MATERIAL PROVIDED START

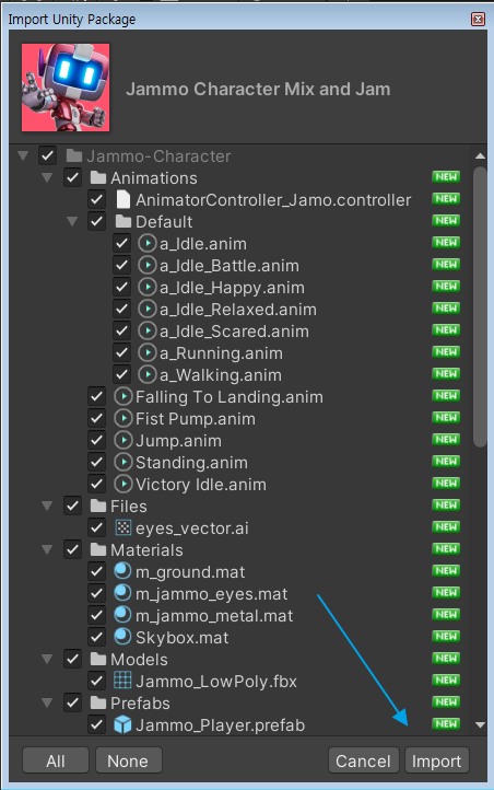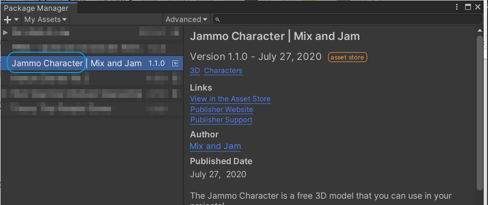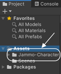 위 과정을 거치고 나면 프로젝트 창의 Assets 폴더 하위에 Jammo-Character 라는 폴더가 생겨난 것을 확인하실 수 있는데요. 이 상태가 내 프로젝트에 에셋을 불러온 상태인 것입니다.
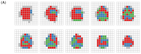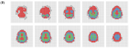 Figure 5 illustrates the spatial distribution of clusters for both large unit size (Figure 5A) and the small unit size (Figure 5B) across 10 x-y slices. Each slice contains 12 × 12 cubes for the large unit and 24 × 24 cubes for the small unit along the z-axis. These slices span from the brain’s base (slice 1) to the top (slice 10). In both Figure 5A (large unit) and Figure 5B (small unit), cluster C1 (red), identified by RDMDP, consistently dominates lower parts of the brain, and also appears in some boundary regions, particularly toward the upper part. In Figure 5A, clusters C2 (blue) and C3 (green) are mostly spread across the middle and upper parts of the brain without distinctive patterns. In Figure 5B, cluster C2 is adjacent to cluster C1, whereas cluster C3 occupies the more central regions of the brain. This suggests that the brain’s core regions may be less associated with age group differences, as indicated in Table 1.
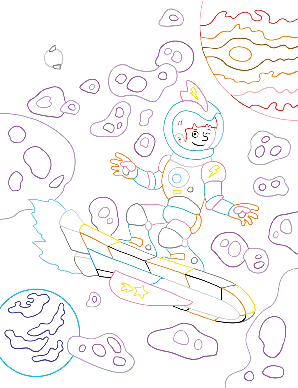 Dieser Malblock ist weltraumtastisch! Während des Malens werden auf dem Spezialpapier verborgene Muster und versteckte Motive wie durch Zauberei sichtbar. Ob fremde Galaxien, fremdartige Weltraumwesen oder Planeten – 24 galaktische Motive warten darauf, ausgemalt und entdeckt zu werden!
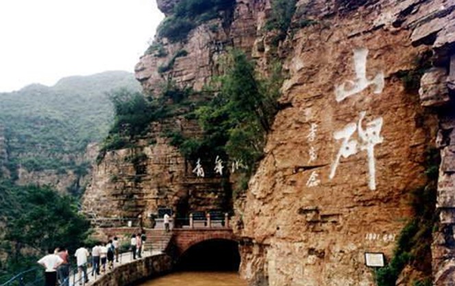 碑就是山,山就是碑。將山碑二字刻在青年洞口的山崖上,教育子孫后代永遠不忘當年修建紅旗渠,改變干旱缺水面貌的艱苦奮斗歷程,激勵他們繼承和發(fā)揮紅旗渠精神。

MATERIAL PROVIDED END

→ WORK TASK
The copy must start at the line containing "Dieser Malblock ist" and stop at the last line of the listing, both included, with every line exact and no pictures.

→ TASK RESULT
 Dieser Malblock ist weltraumtastisch! Während des Malens werden auf dem Spezialpapier verborgene Muster und versteckte Motive wie durch Zauberei sichtbar. Ob fremde Galaxien, fremdartige Weltraumwesen oder Planeten – 24 galaktische Motive warten darauf, ausgemalt und entdeckt zu werden!
 碑就是山,山就是碑。將山碑二字刻在青年洞口的山崖上,教育子孫后代永遠不忘當年修建紅旗渠,改變干旱缺水面貌的艱苦奮斗歷程,激勵他們繼承和發(fā)揮紅旗渠精神。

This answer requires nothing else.